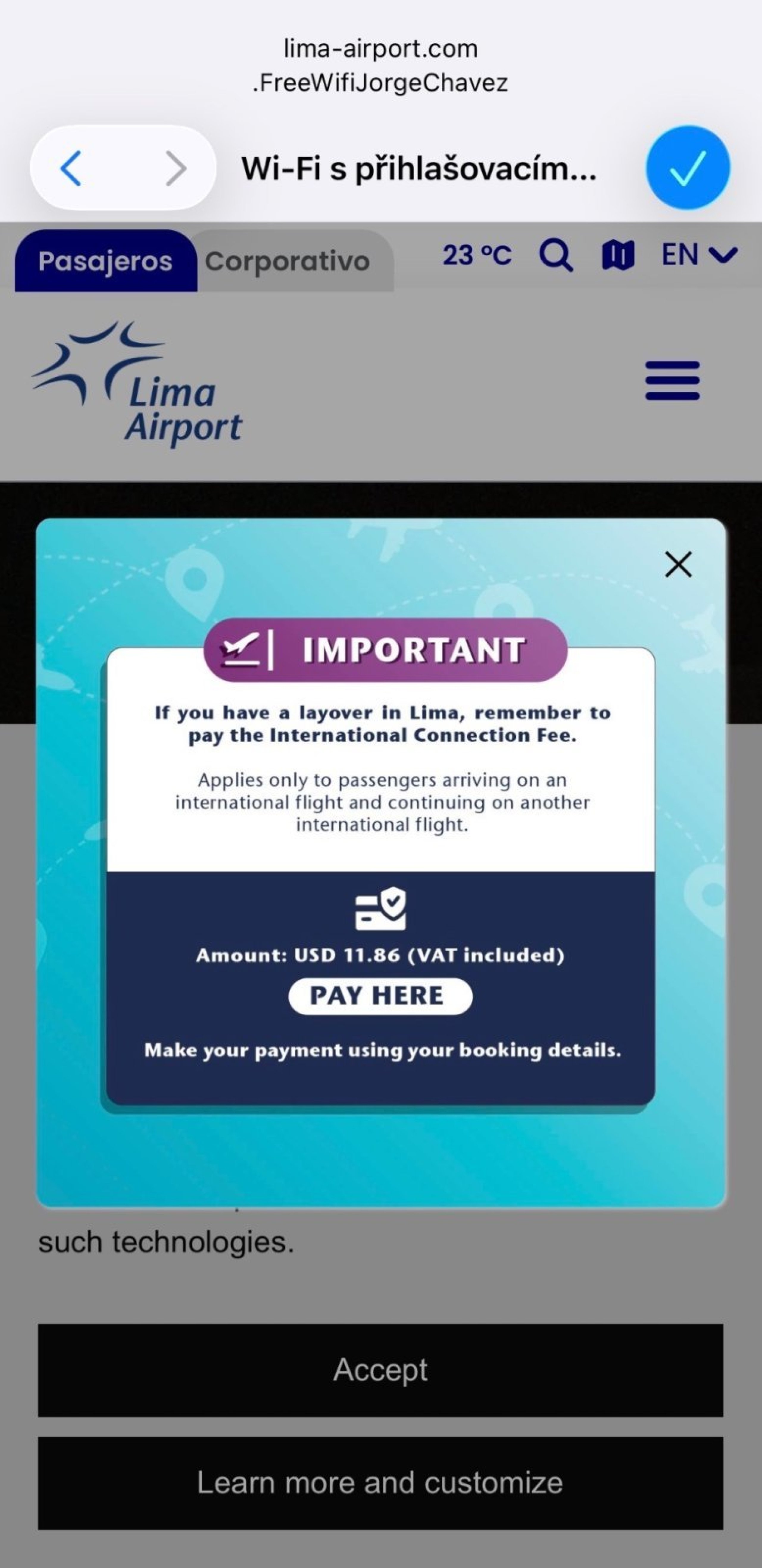 Kahjuks nõuab Lima lennujaam (LIM) alates 7.12.2025. aastast 11,86 USA dollari suurust transiiditasu (TUUA) jätkulendudelt.
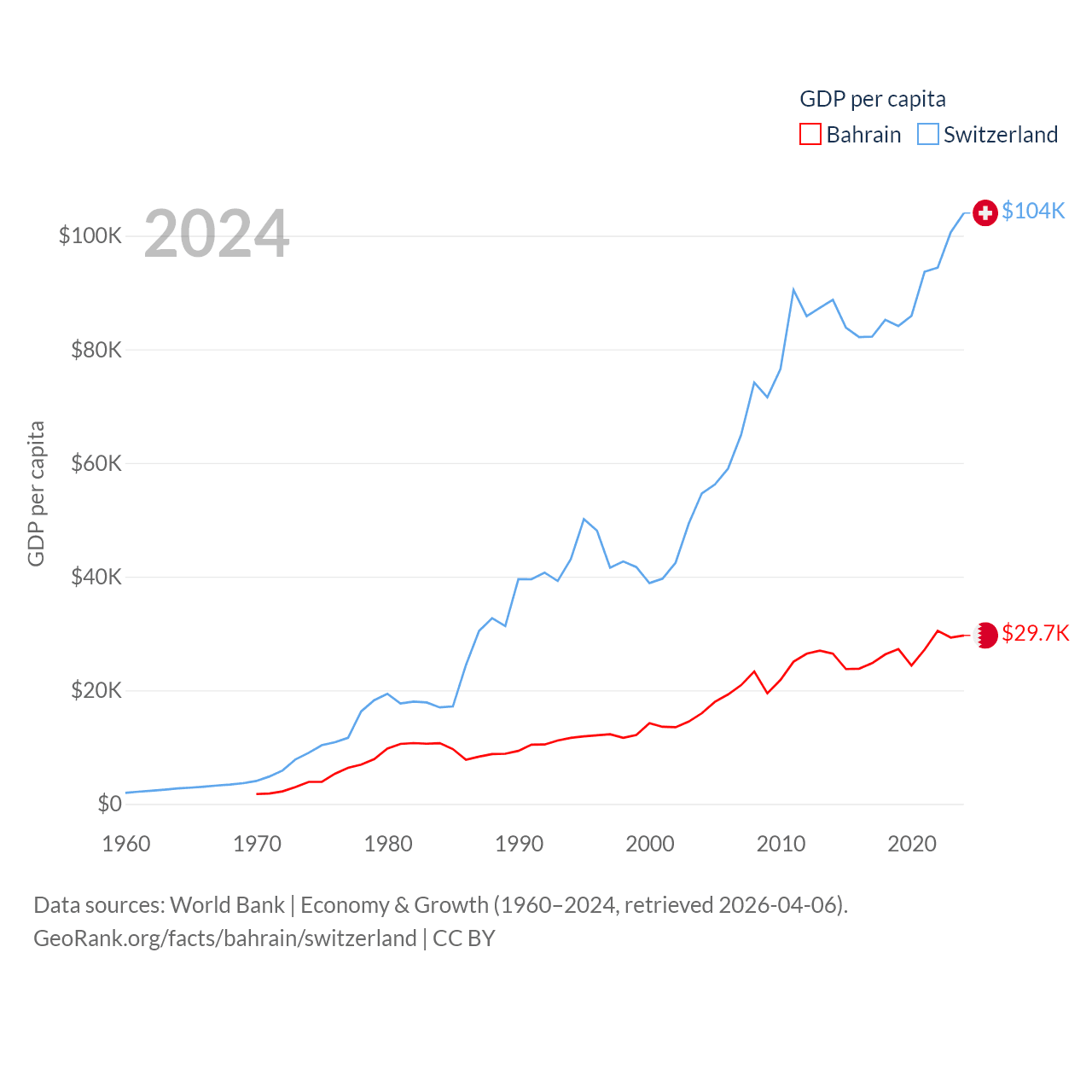 By GDP, Bahrain ranks 96/197 ($47.1B) and Switzerland ranks 20/197 ($937B). By GDP per capita, Bahrain ranks 42/197 ($29,654), while Switzerland ranks 5/197 ($103,998).
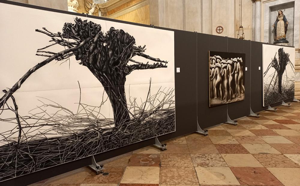 Dal figurativo che sfocia nel sacro degli enormi alberi potati realizzati al carboncino e poi dei giardini di Silvano Tessarollo, a inneggiare a una natura madre generosa, al sacro incarnato nei volti-ritratto di Beati, in omaggio alla potenza generatrice di uomini di chiesa, nella culla del territorio – inframezzati da una trasgressiva “Pietà” di Saturno Buttò; da paesaggi a matita che poi prendono colore abitati da casali in rovina che si profilano nelle campagne, a cura di Luciano Baldacci, al fasto monocromo, cupo nella Salute, di Venezia, dipinta da Tommaso Ottieri; da quadri dove a regnare come soggetti sono l’operosità e l’agire di mani, come nell’opera di Manuel Pablo Pace “Ieri, oggi, domani”, realizzata su juta, alla presenza di animali da soma ritratti con la dolcezza di una preghiera, come nelle opere di Marco Bettio; e poi scene evocanti sofferenze, dolore e guerre, una su tutte il volto urlante dipinto da Santiago Ydáñez, e stranianti ritratti di famiglia resi dolcemente spettrali, alla Ensor, di Nebojša Despotović.
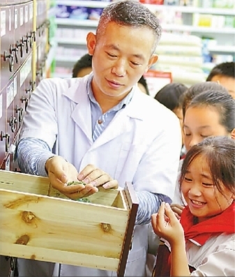 安徽合肥的小学生在中医馆体验中医文化。陈三虎摄 光明图片/视觉中国
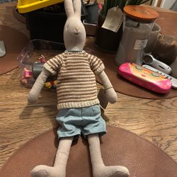 Helt ny mini kanin pojke med kläder från Maileg Artikelnummer 16-3110-00. Storlek: Mini, 26 cm.
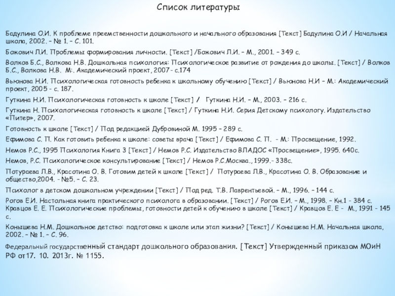 Рогов Е.И. Настольная книга практического психолога в образовании. [Текст] / Рогов Е.И. – М., 1998. – Кн.1 - 384 с. Кравцов Е. Е. Психологические проблемы, готовности детей к обучению в школе [Текст] / Кравцов Е. Е - М., 1991 - 145 с.
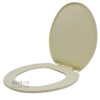 غطاء المرحاض في الصورة هو غطاء مقعد مرحاض بـ إغلاق ناعم (هيدروليكي) ولون بيج. يتميز هذا النوع من الأغطية بآلية إغلاق بطيئة وهادئة تمنع الارتطام أو الضوضاء.
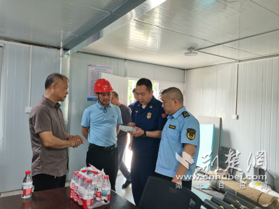 消防监督员检查施工单位消防安全。 通讯员 供图
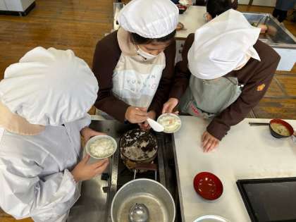家庭科「ご飯と味噌汁」は、調理計画をもとに役割分担をして協力して作りました。ガスレンジで炊いたお米には、おこげがついています。出汁からとった味噌汁は美味しかったです。
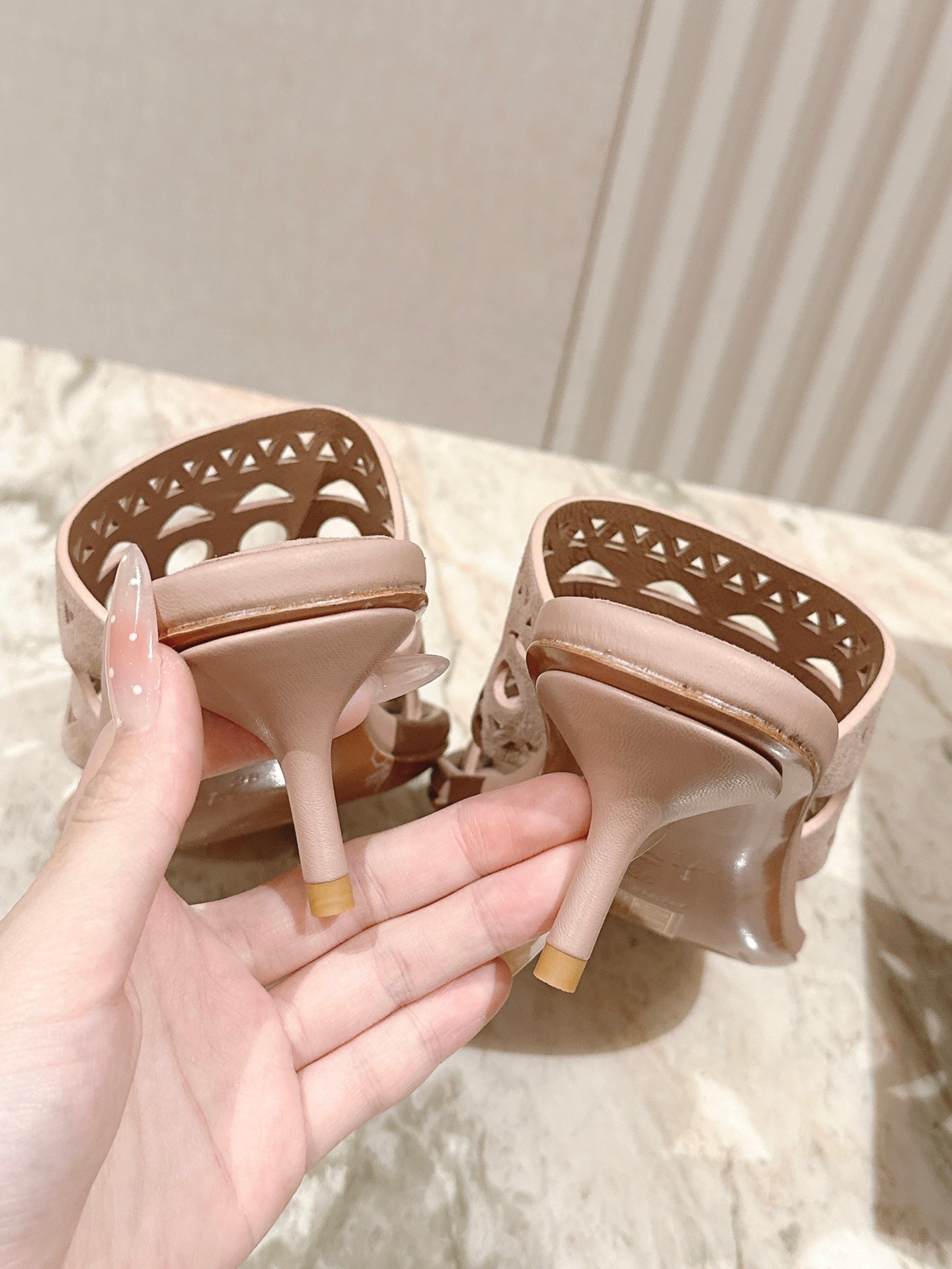 Alaia 2025 Hollow Slippers Pink Leather 293652

────────

### Brief:
In the records above, find the line with "安徽合肥的小学生在中医馆体验中医文化。陈三虎摄 光明图片/视觉中国" and the line with "Рогов Е.И. Настольная". Write out exactly those lines and every one between, with no pictures and no other lines.

### Reply to the exercise:
 安徽合肥的小学生在中医馆体验中医文化。陈三虎摄 光明图片/视觉中国
 Helt ny mini kanin pojke med kläder från Maileg Artikelnummer 16-3110-00. Storlek: Mini, 26 cm.
 Рогов Е.И. Настольная книга практического психолога в образовании. [Текст] / Рогов Е.И. – М., 1998. – Кн.1 - 384 с. Кравцов Е. Е. Психологические проблемы, готовности детей к обучению в школе [Текст] / Кравцов Е. Е - М., 1991 - 145 с.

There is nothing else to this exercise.